Create a percolator with elasticsearch-dsl-py

Question

Create a percolator with elasticsearch-dsl-py

Navigation

#1 by (1 votes)

1

I have a project for a master's seminar that consists of taking a list of 107605 records of articles and we need to enter the information at a percolator type index to finally enter texts through an interface, percolate them and highlight the related words.

For this we have, by console, the following steps:

We create an index with percolating mapping:

curl -XPUT 'localhost:9200/my-index?pretty' -H 'Content-Type: application/json' -d'
{
   "mappings": {
       "_doc": {
           "properties": {
               "title": {
                   "type": "text"
               },
               "query": {
                   "type": "percolator"
               }
           }
       }
   }
}
'

We enter a record in the index:

curl -XPUT 'localhost:9200/my-index/_doc/1?refresh&pretty' -H 'Content-Type: application/json' -d'
{           
    "CourseId":35,
      "UnitId":12390,
      "id":"16069",
      "CourseName":"ARK102U_ARKEOLOJİK ALAN YÖNETİMİ",
      "FieldId":8,
      "field":"TARİH",
    "query": {
        "span_near" : {
            "clauses" : [
                { "span_term" : { "title" : "dünya" } },
                { "span_term" : { "title" : "mirası" } },
                { "span_term" : { "title" : "sözleşmesi" } }
            ],
            "slop" : 0,
            "in_order" : true
        }
    }
}
'

As we can see, as a query all the words included in the title field of the record will be entered. 3. We make the query by entering the text:

curl -XGET 'localhost:9200/my-index/_search?pretty' -H 'Content-Type: application/json' -d'
{
    "query" : {
        "percolate" : {
            "field" : "query",
            "document" : {
                "title" : "Arkeoloji, arkeolojik yöntemlerle ortaya çıkarılmış kültürleri, dünya mirası sözleşmesi sosyoloji, coğrafya, tarih, etnoloji gibi birçok bilim dalından yararlanarak araştıran ve inceleyen bilim dalıdır.

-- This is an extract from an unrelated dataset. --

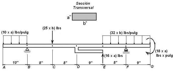 - Figure shows a supported beam, where a=2 and b=3, and the cross section is a rectangle with the sides a=2 in and b=3 in. Determine the support reactions, maximum normal and shearing stresses. Draw the shearing force and bending moment diagrams.

Türkçeye yanlış bir şekilde \"kazıbilim\" olarak çevrilmiş olsa da kazı, arkeolojik araştırma yöntemlerinden sadece bir tanesidir."
            }
        }
    },

    "highlight": {
      "fields": {
        "title": {}
      }
    }
}
'

The records come in a file json and until the momendo I capture them and include them in a dictionary, but from there to there I do not know how to continue. This is my approach:

import json
from elasticsearch_dsl import (
DocType,
Integer,
Percolator,
Text,
)

# Read the json File
json_data = open('titles.json').read()
data = json.loads(json_data)

docs = data['response']['docs']

# Creating a elasticsearch connection
# connections.create_connection(hosts=['localhost'], port=['9200'], timeout=20)
"""
curl -XPUT 'localhost:9200/my-index?pretty' -H 'Content-Type: application/json' -d'
{
    "mappings": {
        "_doc": {
            "properties": {
                "title": {
                    "type": "text"
                },
                "query": {
                    "type": "percolator"
                }
            }
        }
    }
}
'

"""

class Documment(DocType):
    course_id = Integer()
    unit_id = Integer()
    # title = Text()
    id = Integer()
    course_name = Text()
    field_id = Integer()
    field = Text()


    class Meta:
        index = 'titles_index'


                properties={
                    'title': Text(),
                    'query': Percolator()
                 }

"""
    "query": {
        "span_near" : {
            "clauses" : [
                { "span_term" : { "title" : "dünya" } },
                { "span_term" : { "title" : "mirası" } },
                { "span_term" : { "title" : "sözleşmesi" } }
            ],
            "slop" : 0,
            "in_order" : true
        }
    }

"""

for doc in docs:

    terms = docs['title'].split(“ ”)
    course_id = docs['CourseId']
    unit_id = docs['UnitId']
    id = docs['id']
    course_name = docs['CourseName']
    field_id = docs['FieldId']
    field = docs['field']

How should I continue the development?

Thank you very much.

python elasticsearch

asked by SalahAdDin 21.03.2018 в 09:19

source

1 answer

Upload image with codeigniter search in different fields with different inputs mysql php

score 1 · Accepted Answer

Very well, I am going to publish here the answer that I built with the help of another user of the same site but in English:

First I will get all the records from the file in json format:

import json

# Read the json File
json_data = open('titles.json').read()
data = json.loads(json_data)

docs = data['response']['docs']

All records are now in the docs dictionary.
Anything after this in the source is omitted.